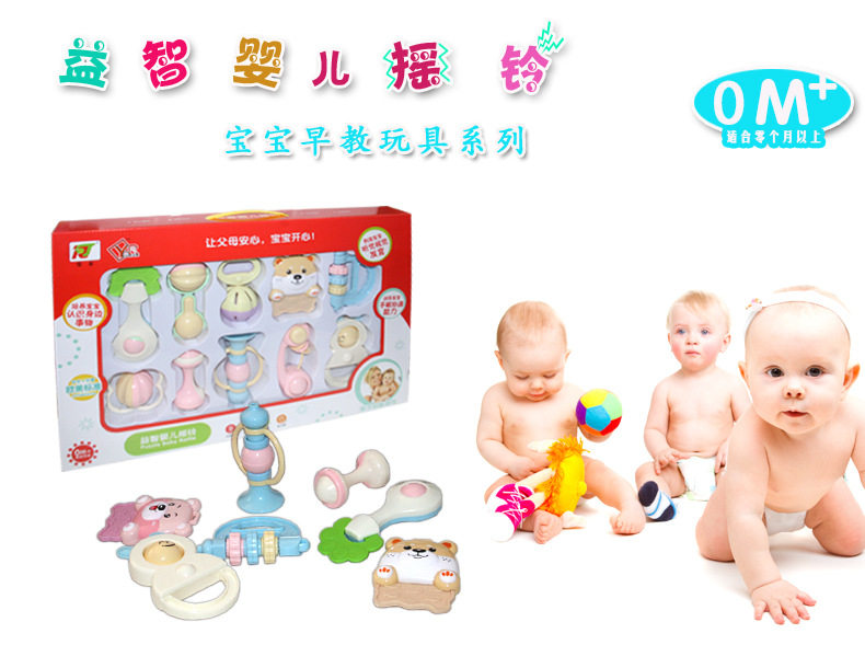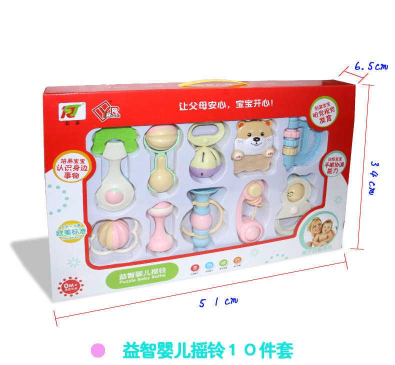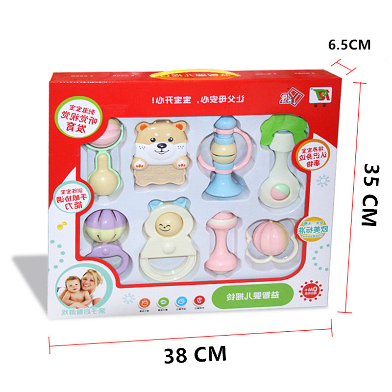 Rattle baby 8 pieces of hand-grabbing gift box newborn baby puzzle early education sand hammer 0 hand rattle
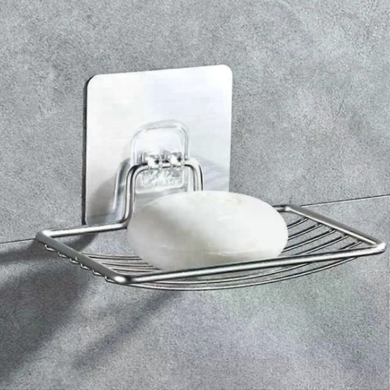 1pc-Stainless Steel Soap Rack Punch-free Nail-free Bathroom Single Layer Drain Wall Hanging Sucker Soap Box Light Luxury Shelf
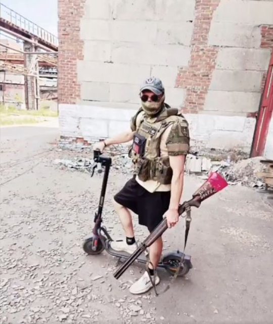 4.一名俄兵拿著反 FPV 霰彈槍和電動滑板車
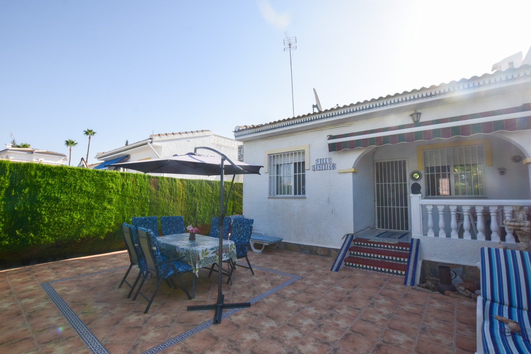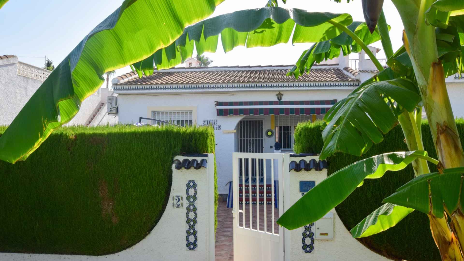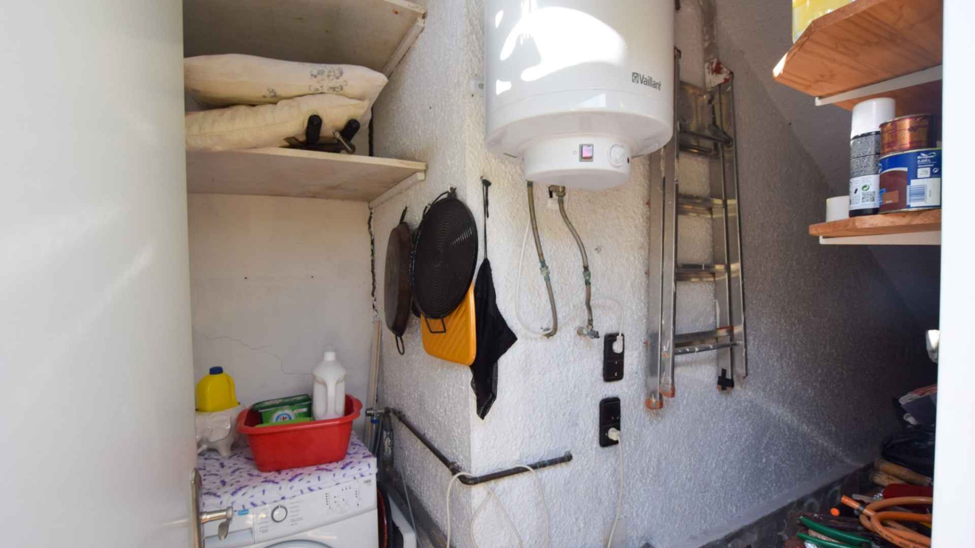 Outside, the property occupies a generous plot with ample room for sun beds, plus lounging and dining furniture and a large storage/utility cupboard. The gate at the front part of the garden leads directly out to the communal pool.
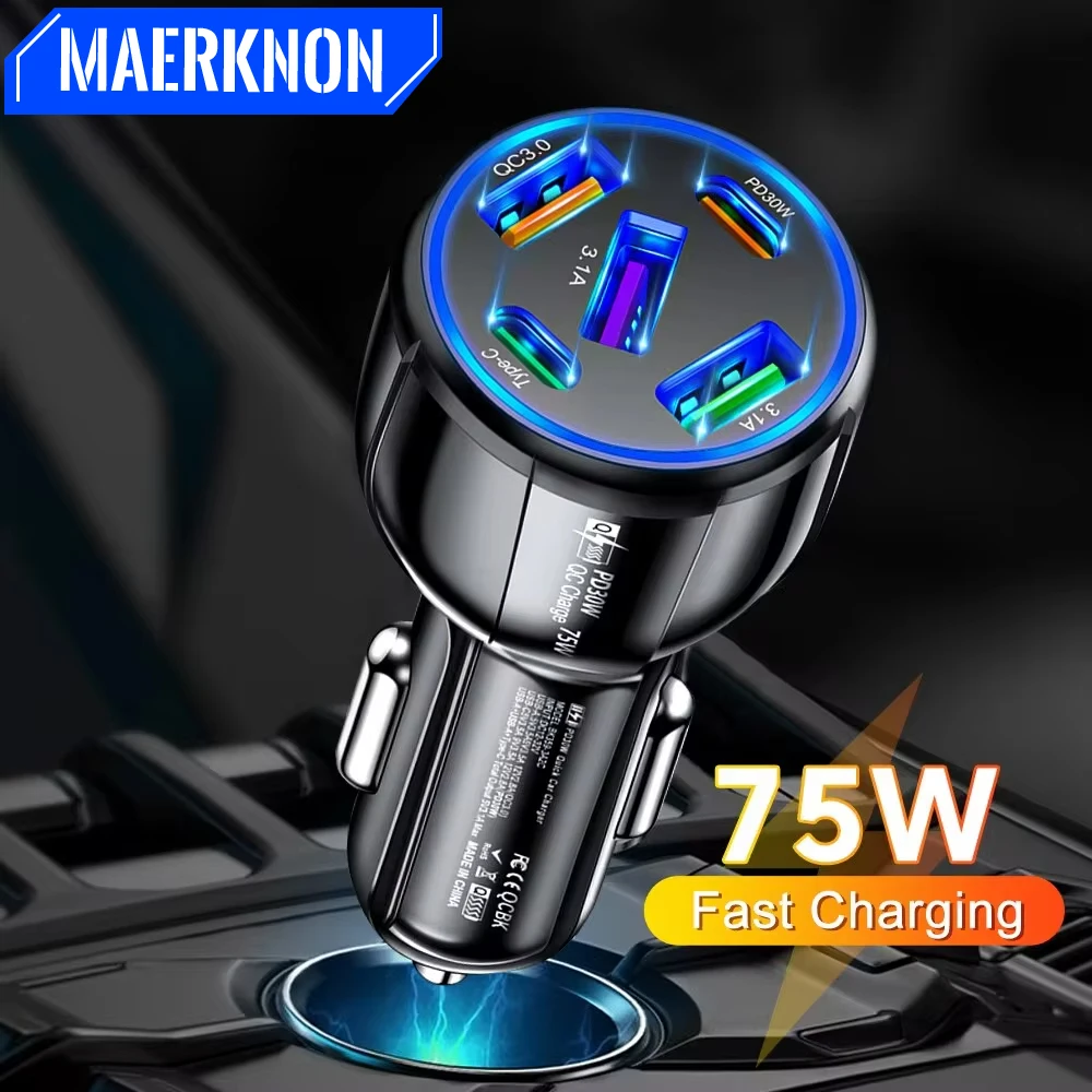 Cargador de coche USB de 5 puertos, 75W, PD tipo C, cargador de carga rápida en coche para iPhone, Samsung, Xiaomi, Huawei, teléfono, adaptador de corriente USB para coche

→ What the task requires
Repeat every entry exactly. Do not include the pictures.

→ Reply to the task
 Rattle baby 8 pieces of hand-grabbing gift box newborn baby puzzle early education sand hammer 0 hand rattle
 1pc-Stainless Steel Soap Rack Punch-free Nail-free Bathroom Single Layer Drain Wall Hanging Sucker Soap Box Light Luxury Shelf
 4.一名俄兵拿著反 FPV 霰彈槍和電動滑板車
 Outside, the property occupies a generous plot with ample room for sun beds, plus lounging and dining furniture and a large storage/utility cupboard. The gate at the front part of the garden leads directly out to the communal pool.
 Cargador de coche USB de 5 puertos, 75W, PD tipo C, cargador de carga rápida en coche para iPhone, Samsung, Xiaomi, Huawei, teléfono, adaptador de corriente USB para coche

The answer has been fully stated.